As can be seen from Table 1, Word2Vec\(\_\)SGD, STRM-SAT\(\_\)1024, and STRM\(\_\)SAT\(\_\)3072 achieved good results, which is consistent with the results of short text matching experiments based on specific domain corpus. Further analysis shows that the weighted word vector method exhibits better semantic representation ability than the unweighted word vector method, and the vector representation of short text is obtained by way of the machine learning based semantic weighting scheme that is the best semantic representation ability. In addition, the STRM-SAT proposed in this paper has achieved the best results in the experiment due to the more effective word vector model ELMO and the semantic keyword extraction method based on machine learning.

Table 2. Comparison of experimental results.

Through the above experiments, the performance of STRM-SAT proposed in this paper is higher than other comparison methods, whether it is in specific domain or in the open domain test corpus.
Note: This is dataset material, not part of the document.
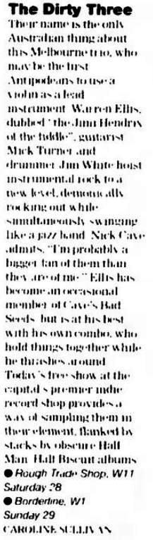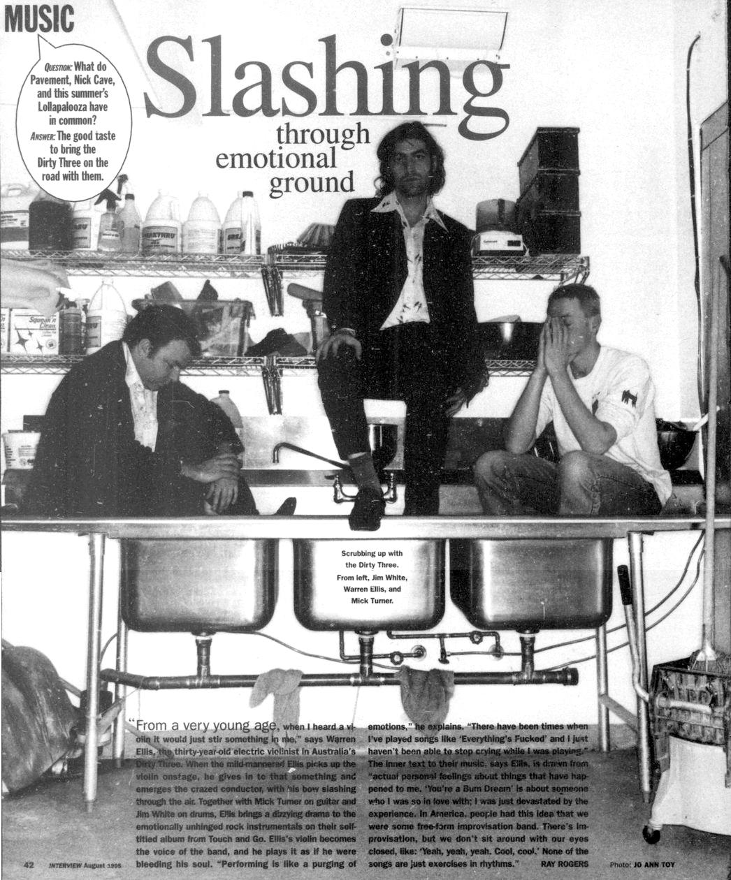 Note 3: "We got together because it helped us pay the rent. A friend of mine bought a bar in Melbourne, and rather than playing records, he wanted to have live music. I hadn’t seen him for about eight years or something, and when I bumped into him, he said he’d bought this bar and he knew I played music, so he said “Why don’t you get a group together and come down and play?” So, I’d just met Jim and Mick about two or three months before this took place, and we met up in my kitchen, worked out half a dozen songs, and went down and played there that night. That was kind of why we started really. We weren’t actually that focused: we just went down and played, we didn’t have a concept for the group or anything. These were just the instruments we played, there was no PA – and none of us could sing, so that wiped out vocals from the start." Warren Ellis interviewed by Damien Love in 1998.

This shows the superiority of STRM-SAT, and also shows that STRM-SAT has strong domain adaptability.

5 Conclusion

This paper explores the semantic aggregation technology based on the advanced word vector generation model ELMO to construct the short text semantic representation model STRM-SAT, and designs the short text semantic keyword extraction method based on LDA and the keyword semantic weight learning mechanism based on SGD, which tries to combine the semantic information of the word vector in an optimal way to realize the Precise expression of short text semantic information. The order information of word plays an important role in semantic expression of short text. Therefore, in the future work, we will try to integrate the order information of word into the vector representation model of short text to realize the all-round modeling of short text from semantic to word order.